ElevenLabs + React를 이용해 TTS(Text To Speech)를 구현해보기

카테고리 없음

ElevenLabs + React를 이용해 TTS(Text To Speech)를 구현해보기

곽빵 2024. 12. 7. 17:27

개요

ElevenLabs를 사용해 텍스트를 AI음성으로 변환하는 코드를 적어보았다.

ElevenLabs란?

AI를 활용하여 텍스트를 실제 사람의 목소리처럼 들리게 변환하는 TTS(Text To Speech) 소프트웨어를 제공한다.

이를 통해 오디오북, 비디오 내레이션, 팟캐스트등 다양한 콘텐츠에서 고품질의 음성 출력을 생성할 수 있으며 또한 사용자는 자신의 목소리를 업로드하여 AI가 이를 학습하고 유사한 음성을 생성할 수 있는 음성 복제 기능도 제공한다.

(참고로 무료로 10000자의 음성변환을 제공하니 간단하게 가입해서 테스트를 해볼 수 있다.)

이하의 가이드를 보면 이용할 수 있는 API나 모델, 음성 옵션등에 대한 문서가 잘 작성되어있어 참고가 되었다.

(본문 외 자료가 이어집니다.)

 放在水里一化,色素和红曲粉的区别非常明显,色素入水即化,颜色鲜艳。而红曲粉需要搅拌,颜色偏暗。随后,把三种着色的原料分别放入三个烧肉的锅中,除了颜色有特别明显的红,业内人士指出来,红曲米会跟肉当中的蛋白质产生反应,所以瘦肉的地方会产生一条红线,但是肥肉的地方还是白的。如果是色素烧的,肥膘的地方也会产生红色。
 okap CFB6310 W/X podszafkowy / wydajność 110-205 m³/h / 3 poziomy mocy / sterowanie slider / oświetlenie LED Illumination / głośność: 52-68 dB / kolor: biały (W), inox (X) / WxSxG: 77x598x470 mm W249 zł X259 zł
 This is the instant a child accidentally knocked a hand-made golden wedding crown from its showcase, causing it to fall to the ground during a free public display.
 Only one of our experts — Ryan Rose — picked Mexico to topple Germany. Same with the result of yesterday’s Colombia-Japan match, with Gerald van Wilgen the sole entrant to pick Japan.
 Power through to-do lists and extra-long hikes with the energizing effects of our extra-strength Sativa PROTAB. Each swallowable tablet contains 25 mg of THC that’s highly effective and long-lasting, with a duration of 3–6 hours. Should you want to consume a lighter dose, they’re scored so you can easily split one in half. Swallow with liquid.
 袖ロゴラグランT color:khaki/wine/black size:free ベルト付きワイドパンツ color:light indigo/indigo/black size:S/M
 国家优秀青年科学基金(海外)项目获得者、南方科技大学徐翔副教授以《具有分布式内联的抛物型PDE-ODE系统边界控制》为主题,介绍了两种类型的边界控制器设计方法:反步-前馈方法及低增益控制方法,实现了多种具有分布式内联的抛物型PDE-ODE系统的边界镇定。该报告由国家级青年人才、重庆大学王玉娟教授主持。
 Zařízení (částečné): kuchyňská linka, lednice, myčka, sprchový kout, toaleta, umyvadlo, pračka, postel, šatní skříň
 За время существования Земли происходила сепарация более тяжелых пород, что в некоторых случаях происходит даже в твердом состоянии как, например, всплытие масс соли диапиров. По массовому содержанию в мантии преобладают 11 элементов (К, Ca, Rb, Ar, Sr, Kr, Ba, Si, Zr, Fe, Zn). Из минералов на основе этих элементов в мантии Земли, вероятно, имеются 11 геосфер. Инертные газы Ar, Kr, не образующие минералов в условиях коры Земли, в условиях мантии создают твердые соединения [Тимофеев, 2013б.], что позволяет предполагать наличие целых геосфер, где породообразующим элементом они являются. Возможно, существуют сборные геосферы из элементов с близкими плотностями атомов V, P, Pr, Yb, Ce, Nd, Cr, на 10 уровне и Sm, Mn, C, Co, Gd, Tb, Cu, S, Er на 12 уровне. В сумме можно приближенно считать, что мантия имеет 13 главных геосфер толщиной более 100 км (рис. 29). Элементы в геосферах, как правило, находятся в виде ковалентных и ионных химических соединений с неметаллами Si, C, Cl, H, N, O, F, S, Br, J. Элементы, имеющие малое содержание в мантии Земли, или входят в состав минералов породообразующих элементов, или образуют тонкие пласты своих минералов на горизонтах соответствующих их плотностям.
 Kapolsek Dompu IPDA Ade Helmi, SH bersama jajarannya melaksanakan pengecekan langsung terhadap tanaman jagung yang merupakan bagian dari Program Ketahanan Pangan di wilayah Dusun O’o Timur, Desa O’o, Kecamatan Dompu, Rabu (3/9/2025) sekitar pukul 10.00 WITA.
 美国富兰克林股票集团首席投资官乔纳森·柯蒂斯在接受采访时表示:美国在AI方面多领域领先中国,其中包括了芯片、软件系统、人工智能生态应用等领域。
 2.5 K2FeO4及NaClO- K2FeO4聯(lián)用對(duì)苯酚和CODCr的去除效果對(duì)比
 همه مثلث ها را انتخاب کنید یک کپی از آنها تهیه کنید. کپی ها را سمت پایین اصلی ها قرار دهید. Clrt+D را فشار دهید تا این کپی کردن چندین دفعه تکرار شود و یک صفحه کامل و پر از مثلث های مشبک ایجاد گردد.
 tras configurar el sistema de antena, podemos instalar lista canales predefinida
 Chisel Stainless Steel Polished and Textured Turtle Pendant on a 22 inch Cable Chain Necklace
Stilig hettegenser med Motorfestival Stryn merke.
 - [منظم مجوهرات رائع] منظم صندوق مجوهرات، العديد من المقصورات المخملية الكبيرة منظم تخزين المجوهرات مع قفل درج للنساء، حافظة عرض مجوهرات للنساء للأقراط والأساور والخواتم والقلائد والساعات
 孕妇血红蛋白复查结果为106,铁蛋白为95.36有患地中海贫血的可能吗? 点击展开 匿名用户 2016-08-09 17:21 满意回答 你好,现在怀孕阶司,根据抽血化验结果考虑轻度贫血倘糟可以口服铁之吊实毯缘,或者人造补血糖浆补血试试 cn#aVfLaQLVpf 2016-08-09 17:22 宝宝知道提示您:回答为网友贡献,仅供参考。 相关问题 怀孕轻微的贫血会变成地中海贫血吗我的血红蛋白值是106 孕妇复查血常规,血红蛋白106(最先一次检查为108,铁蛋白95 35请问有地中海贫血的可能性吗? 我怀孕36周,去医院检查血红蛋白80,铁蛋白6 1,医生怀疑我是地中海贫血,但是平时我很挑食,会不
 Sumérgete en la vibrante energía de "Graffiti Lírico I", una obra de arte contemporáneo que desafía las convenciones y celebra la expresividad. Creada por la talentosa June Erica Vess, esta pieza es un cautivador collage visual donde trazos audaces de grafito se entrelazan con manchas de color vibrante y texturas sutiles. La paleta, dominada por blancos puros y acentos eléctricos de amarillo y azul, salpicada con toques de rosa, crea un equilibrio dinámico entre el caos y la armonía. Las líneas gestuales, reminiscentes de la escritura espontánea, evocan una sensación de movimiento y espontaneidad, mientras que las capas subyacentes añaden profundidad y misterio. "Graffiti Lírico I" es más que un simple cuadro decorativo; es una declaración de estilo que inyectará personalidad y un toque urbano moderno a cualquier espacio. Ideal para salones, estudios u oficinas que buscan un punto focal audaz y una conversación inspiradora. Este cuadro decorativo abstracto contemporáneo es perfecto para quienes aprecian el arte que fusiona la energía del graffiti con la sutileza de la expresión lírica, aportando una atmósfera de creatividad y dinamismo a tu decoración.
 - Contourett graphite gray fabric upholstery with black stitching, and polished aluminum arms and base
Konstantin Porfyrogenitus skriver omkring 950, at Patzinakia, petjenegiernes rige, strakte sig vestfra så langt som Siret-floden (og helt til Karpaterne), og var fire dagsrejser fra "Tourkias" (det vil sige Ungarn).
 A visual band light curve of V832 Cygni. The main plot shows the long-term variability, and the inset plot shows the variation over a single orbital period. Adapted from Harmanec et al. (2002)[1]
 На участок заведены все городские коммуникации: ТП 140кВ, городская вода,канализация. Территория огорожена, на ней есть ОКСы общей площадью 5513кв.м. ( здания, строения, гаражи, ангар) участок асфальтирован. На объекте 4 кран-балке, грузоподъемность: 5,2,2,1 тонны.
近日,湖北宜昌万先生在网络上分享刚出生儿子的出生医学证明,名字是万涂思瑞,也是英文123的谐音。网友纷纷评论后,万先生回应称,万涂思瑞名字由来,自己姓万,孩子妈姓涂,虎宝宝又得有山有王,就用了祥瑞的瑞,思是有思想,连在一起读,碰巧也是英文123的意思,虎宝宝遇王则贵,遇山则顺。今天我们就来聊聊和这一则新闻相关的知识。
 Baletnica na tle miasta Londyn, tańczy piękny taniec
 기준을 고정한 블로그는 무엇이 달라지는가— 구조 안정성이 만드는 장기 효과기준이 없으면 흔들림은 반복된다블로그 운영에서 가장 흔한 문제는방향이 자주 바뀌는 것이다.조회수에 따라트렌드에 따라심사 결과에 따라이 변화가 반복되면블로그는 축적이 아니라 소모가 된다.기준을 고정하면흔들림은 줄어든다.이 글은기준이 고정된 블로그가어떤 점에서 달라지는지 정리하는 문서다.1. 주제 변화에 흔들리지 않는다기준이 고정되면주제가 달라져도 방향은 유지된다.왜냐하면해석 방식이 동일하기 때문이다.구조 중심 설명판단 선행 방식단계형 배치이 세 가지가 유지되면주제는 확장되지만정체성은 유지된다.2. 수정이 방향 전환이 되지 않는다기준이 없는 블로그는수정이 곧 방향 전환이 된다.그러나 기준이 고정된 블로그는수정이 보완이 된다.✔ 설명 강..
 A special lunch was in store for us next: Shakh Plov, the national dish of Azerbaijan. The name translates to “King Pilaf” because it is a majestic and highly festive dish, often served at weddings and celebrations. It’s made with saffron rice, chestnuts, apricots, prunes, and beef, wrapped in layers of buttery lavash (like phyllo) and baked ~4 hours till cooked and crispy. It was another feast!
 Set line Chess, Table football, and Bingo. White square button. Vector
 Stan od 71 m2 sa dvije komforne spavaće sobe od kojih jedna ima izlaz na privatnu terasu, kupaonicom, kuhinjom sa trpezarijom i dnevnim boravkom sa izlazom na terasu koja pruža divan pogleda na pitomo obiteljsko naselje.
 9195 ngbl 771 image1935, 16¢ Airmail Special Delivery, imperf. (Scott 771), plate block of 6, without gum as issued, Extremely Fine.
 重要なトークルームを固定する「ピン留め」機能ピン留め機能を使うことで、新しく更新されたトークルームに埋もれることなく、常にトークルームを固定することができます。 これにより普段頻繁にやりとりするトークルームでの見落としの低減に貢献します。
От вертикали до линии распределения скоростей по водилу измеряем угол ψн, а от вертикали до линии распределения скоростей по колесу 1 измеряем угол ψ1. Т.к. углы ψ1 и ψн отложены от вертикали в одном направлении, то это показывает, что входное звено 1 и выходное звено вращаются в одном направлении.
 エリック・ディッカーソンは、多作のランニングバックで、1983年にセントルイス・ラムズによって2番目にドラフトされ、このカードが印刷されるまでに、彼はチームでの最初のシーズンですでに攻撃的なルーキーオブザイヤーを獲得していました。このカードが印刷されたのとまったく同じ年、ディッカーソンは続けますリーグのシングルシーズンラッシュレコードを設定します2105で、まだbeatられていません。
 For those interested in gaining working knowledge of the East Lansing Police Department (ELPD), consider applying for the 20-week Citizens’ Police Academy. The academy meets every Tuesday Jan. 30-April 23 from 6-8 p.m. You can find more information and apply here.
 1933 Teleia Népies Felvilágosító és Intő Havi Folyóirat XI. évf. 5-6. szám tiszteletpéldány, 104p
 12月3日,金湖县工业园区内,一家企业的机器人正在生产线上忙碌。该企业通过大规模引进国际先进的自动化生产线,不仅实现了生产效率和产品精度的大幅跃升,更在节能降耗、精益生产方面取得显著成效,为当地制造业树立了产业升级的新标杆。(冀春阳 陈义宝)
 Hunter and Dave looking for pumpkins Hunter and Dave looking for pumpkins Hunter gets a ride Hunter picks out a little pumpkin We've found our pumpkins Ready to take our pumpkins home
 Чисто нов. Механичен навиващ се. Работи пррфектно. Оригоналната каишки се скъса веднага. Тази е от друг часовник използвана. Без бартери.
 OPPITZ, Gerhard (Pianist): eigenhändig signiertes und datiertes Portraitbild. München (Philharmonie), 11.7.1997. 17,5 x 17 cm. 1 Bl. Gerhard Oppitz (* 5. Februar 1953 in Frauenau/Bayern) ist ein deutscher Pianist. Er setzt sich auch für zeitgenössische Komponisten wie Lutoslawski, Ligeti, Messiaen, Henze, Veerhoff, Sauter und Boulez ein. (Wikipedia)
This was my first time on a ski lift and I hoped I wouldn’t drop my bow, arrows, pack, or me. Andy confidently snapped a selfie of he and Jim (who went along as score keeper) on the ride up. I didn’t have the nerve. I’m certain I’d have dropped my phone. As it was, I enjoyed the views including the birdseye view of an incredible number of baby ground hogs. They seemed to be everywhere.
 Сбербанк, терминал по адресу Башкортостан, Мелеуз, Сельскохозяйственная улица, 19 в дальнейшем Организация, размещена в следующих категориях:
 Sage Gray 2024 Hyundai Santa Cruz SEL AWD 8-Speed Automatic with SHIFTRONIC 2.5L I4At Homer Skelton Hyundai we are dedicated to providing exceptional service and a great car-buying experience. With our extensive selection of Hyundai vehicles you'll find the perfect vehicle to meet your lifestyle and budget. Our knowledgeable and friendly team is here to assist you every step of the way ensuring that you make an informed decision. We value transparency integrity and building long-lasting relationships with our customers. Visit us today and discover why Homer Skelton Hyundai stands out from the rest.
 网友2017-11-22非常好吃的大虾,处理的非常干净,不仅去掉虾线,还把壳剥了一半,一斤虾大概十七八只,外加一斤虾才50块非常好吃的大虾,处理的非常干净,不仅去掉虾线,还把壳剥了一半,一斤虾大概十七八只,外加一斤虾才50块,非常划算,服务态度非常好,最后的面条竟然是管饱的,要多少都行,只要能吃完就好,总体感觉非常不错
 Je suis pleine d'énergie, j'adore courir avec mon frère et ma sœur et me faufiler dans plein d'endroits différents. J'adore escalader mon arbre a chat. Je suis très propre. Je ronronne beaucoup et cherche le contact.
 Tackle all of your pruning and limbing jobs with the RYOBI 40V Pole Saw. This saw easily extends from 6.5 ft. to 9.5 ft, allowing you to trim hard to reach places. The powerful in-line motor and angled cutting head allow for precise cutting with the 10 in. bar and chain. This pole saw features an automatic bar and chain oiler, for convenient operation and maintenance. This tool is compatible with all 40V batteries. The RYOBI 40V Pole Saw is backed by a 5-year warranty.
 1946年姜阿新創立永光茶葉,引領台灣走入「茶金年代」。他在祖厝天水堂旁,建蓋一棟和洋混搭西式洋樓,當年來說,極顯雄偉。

https://elevenlabs.io/docs/product/introduction

Developer Guides and API Reference Introduction | ElevenLabs Docs

Text to Speech (Speech Synthesis) Our Text-to-Speech technology, also known as Speech Synthesis, is the core of ElevenLabs. It serves as the foundation for many of the features we offer and powers many services worldwide. This technology transforms text in

elevenlabs.io

이번에 활용한 API는 이하의 스트림 TTS이다. 변환할 텍스트가 장문이든 단문이든에 상관없이 응답을 가장 빨리 받을 수 있어서 이 친구를 선택했다.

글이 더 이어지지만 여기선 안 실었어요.